Пришло опустошение. Ушёл страх. Исполнилось не желаемое желанное. Раскрылись врата утомлённого разума. Снизошёл сон. Глубокий, переливчатый снами, будто составленный из павлиньих перьев под лучами закатного светила. Ушли все сомнения, но они вернутся. Они вернутся утром, днём, среди важных дел, вернуться во время поглощения нежеланной яичницы, соскобленной со шкуры буйвола, потом настанет вечер и они опять здесь, а ты опять ждёшь, несмотря на свои немалые заслуги перед обществом, ждёшь, когда же, когда же, наконец, вернутся Белая обезьяна, Бессонница и возьмут тебя в свои мягкие влажные лапы.
Синий набрюшник и его невеста
Синий набрюшник печально сидел над рекой. Он думал, а что может быть печальнее, для привыкшего действовать воина. Он думал: вот я сижу - это печально; я сижу печально - а это как? В голове его проносились картинки. Вот он смотрит на себя со стороны, будто на манер охвата жертвы хищным птичьим глазом. Ничего в целом не видно, одни детали. Или наоборот - всё видно целиком, а наградных татуировок на груди и красивых почётных нарезок на локтях в виде шкуры ящерицы - не различишь. Так не годится - нужно смотреть мысленно - значит по порядку. Вот моя пятка - она великолепна, великолепно натоптана, тверда как... - интересно, с чем можно сравнить по твёрдости его пятку? Как нарост на железном дереве. Сравнить можно, но как-то несолидно: нарост, ха, будто бородавка какая! Нет - это важная часть тела. Без хорошей пятки, отлично и правильно натоптанной не походишь, а тем более не повоюешь.
Пятки хороши, оставим их в покое. Икры ног. Длинные, подвижные - Синий набрюшник пошевелил ногой. Нога начала непроизвольно дрыгаться - это я очень чуткий, что очень полезно на охоте на кайманов. Колено. Он вытянул, как мог далеко, свою ногу и стал рассматривать колено, но оно куда-то пропало, скрывшись в складках жирной кожи. Согнул ногу. Колено вылезло и соскочило куда-то вбок. Ой, - закричал Синий набрюшник и рукой вернул колено на место. Никогда нельзя отступать от намеченного плана. Решил действовать мысленно, охватывать себя - машинально он охватил себя руками, перепутав тут же где лево, где право, и потеряв равновесие, - сказал же: мысленно. Руки повиновались приказу, они опустились, а Синий набрюшник опять уселся на место и постарался опечалиться с новой силой, что ему отлично удалось.
Это не вело ни к чему хорошему, зато позволяло отлично сосредоточиться. Перед глазами неслась полноводная в это время года река. Воды её были мутны, но Синий набрюшник этого не знал - он думал: это вода, - и всё. "Чистая вода" никогда никто не говорил в его племен - вода это просто вода, а какая она ещё может быть как не жёлтая, тёмно коричневая или густо-зелёная, если заплывёшь под мангровые заросли. По воде бежали сгустки солнца, они слепили Синего набрюшника, заставляли моргать, но он нарочно не моргал - он хотел заплакать естественным путём, а не от боли, что считалось неестественным для воина. Следовало опечалиться ещё больше и заплакать, чтобы в голове зазвучала музыка.
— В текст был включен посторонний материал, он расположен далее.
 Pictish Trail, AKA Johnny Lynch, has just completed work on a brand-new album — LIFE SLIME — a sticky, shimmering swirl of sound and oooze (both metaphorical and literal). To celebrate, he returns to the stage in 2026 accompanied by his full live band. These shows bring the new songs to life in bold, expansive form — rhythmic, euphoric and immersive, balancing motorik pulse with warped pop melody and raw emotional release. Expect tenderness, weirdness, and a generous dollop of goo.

Самые лучшие мелодии рождаются в голове, когда печален, вот тогда и послушаешь настоящую музыку, будто это шаман играет на барабане прощальный марш - красиво. Он услышал мелодию. Она плескалась в его голове сначала как-то неловко, неуверенно, но потом окрепла и зазвучала в полную силу, мощная в своей классической простоте: бум, бум, бум, бум, бум, - никаких иных дополнений она не требовала. Это была мелодия сердечного стука, мелодия боевого барабана, мелодия победителя. Постепенно музыка укачала Синего набрюшника, он не понял почему, ведь должна была мобилизовать все последние силы, куда-то позвать, наконец, но этого не случилось - музыка охватила его руками, будто это он опять забылся и обнял себя, и закружила на месте: качала и качала, будто везёт через реку на лодке.
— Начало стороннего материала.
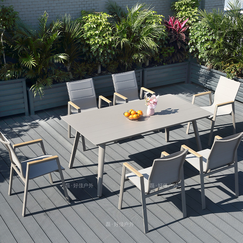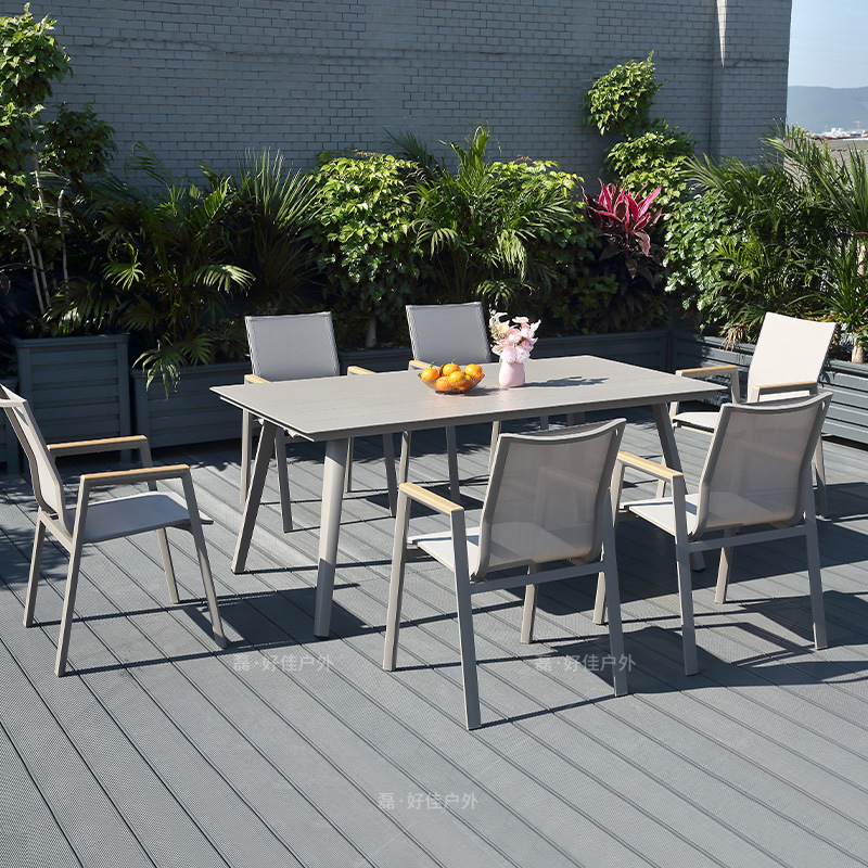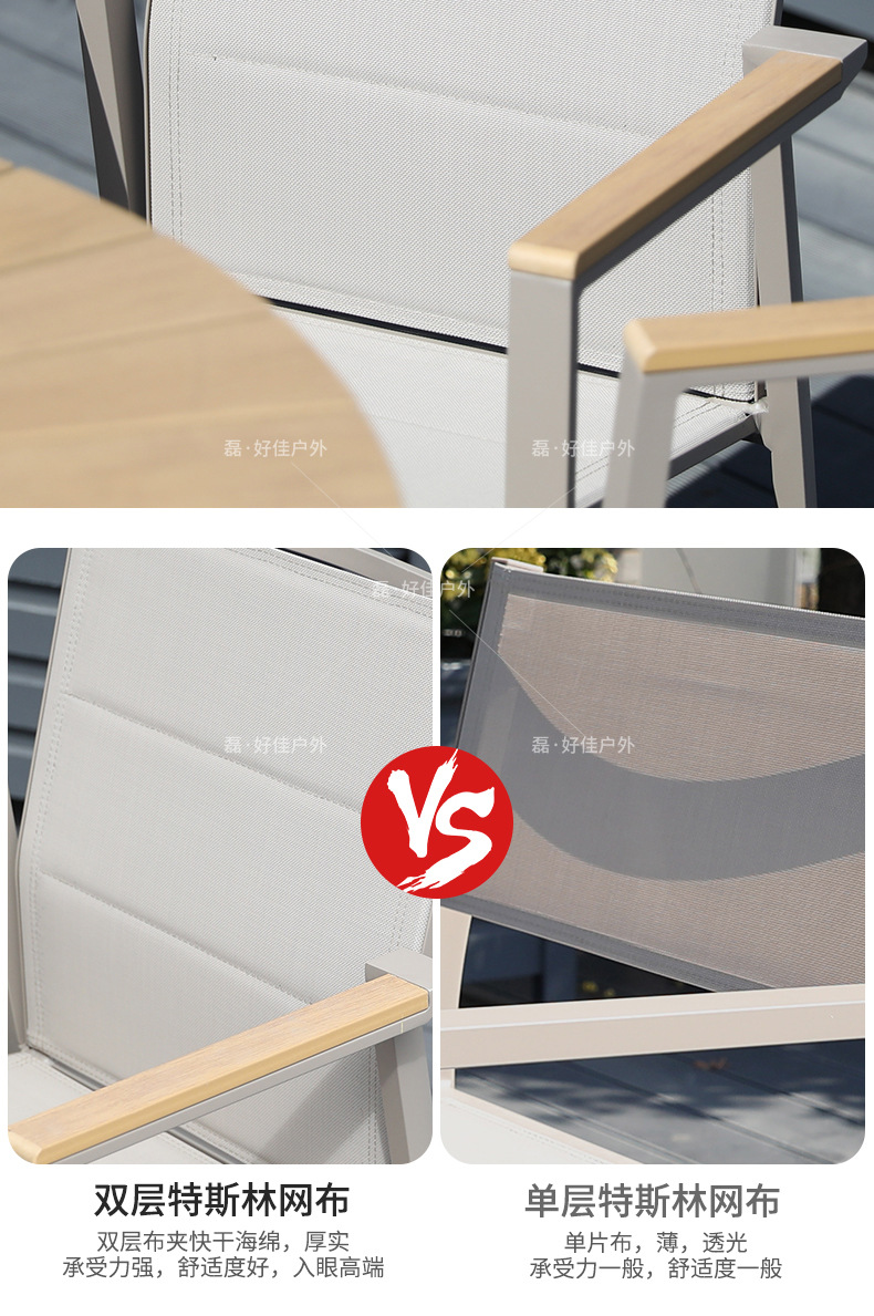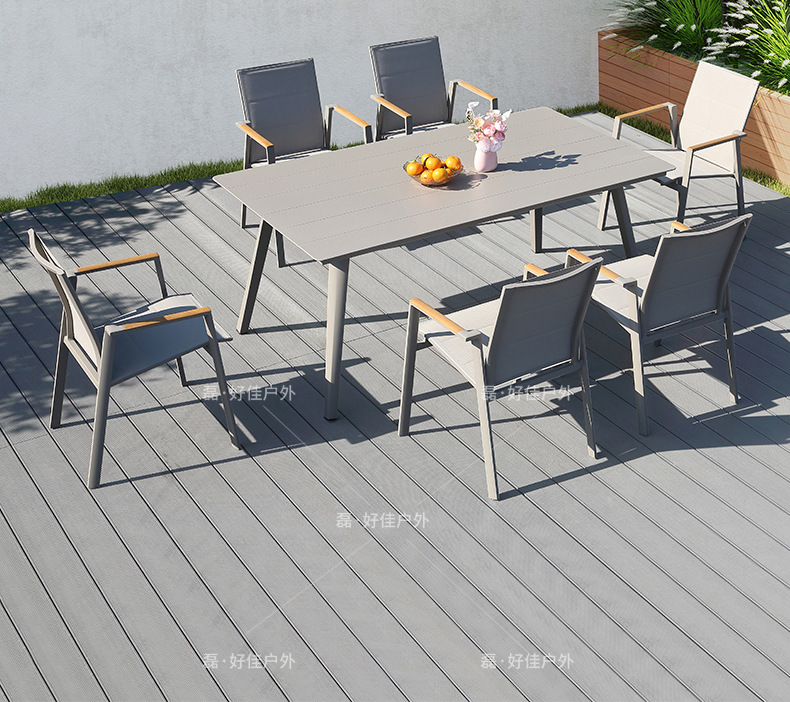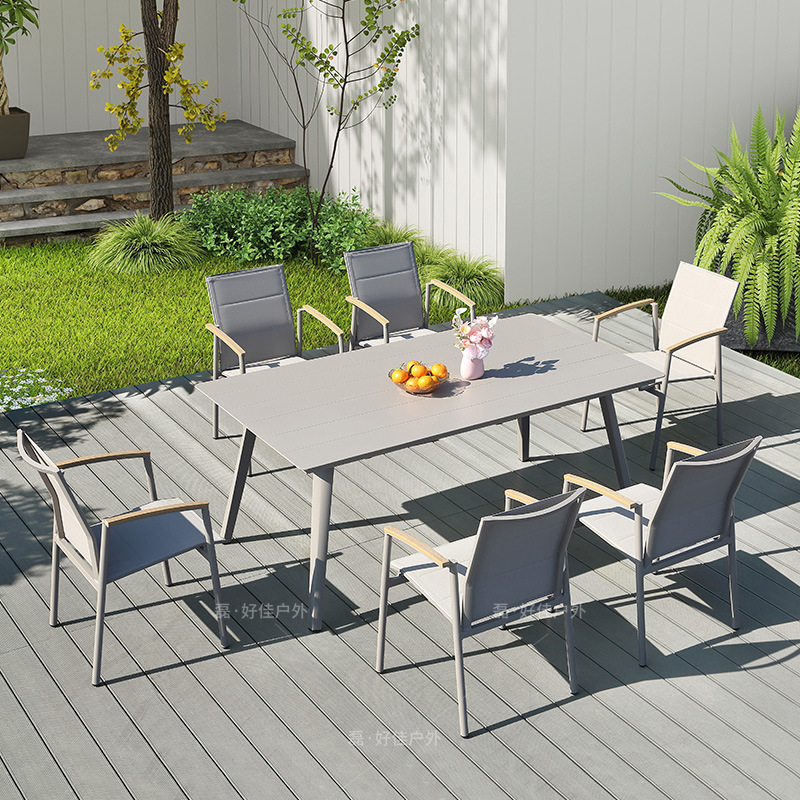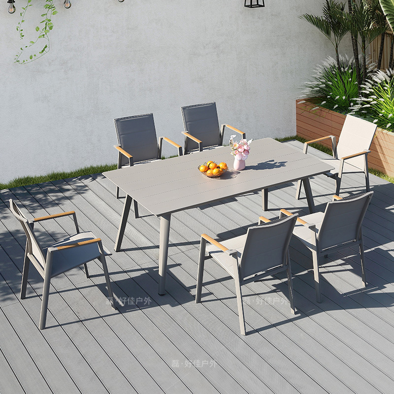 • 6개의 플라스틱 나무 팔걸이 이중 천 의자(원형 튜브) + 150*90cm 알루미늄 판 긴 테이블

На реке показалась лодка. Это была даже не лодка, а какой-то настил, но на нём лежал человек, укрытый бело-голубым покрывалом и плыл по течению. Синий набрюшник вскочил на ноги, выбросил из себя музыку, и она упала, будто плевок недалеко от берега, спугнув двух заснувших на солнышке кайманов. Синий набрюшник не собирался никого спасать, он сидел на берегу просто так, слушал музыку крови, какое ему дело до того, что в трёх сотнях шагов ниже по реке водопад. Набрюшник вгляделся в настил заменявший человеку на нём лодку. Рожок-футлярчик под животом зашевелился и кончик его пощекотал воину нос - он знал, что это означает. На плоту была женщина и такая, которая в состоянии даже на расстоянии пошевелить его набрюшником одним своим видом. Давно Синему набрюшнику такая не попадалась. Он немедленно скинул с себя рожок-футляр, что было сделать непросто ввиду скорой набухлости скрываемого им органа, и бросился в воду. Пловец он был отличный - так себе он и сказал: я отличный пловец за женщинами на настилах, плывущих по реке в сторону водопада.
Несколько десятков взмахов, вода пенится под носом, и он на настиле. Некогда разбираться, почему скво молчит - этому скорее надо радоваться в обычных обстоятельствах, но спасать труп тоже не хочется. Пнул ногой - вскрикнула, хорошо - жива. Оторвал кусок настила, - непрочно сделан, а ещё плывёт в сторону водопада, - начал грести. Так медленнее, чем плыть самому, но зато не соблазняешь кайманов - вон они рядком лежат на пляже.
Женщина вздохнула, повела ещё мутным, но уже любопытным взглядом и что-то промяукала:
- Си, ляо нэ о бутань иджи до? Дю? - На что Синий набрюшник тут же обиделся.
- Не для того спасал тебя, чтобы разгадывать поющее бормотание, Булькающее сокровище, - так и буду тебя звать.
- Прости, я думала, что ещё в Китае, а он уже кончился. Далеко ли водопад?
- Так ты оказывается смертница - вот горе на мою седую опору рожка-футлярчика.
- Нет. Я невеста Бога реки. Каждый год у нас в селении выбирают невесту. Если я буду хорошей женой Ху Мунь Лу - Богу реки, - то он не разрешит реке разливаться, смывать наше село и посевы зерна и риса. Ты, случайно не Ху Мунь Лу? Было бы обидно, если это не так, - китаянка скосила лукавый взгляд на увесистые шарики под "седой опорой футлярчика", не забыв хорошо рассмотреть сохраняемое футлярчиком вложение.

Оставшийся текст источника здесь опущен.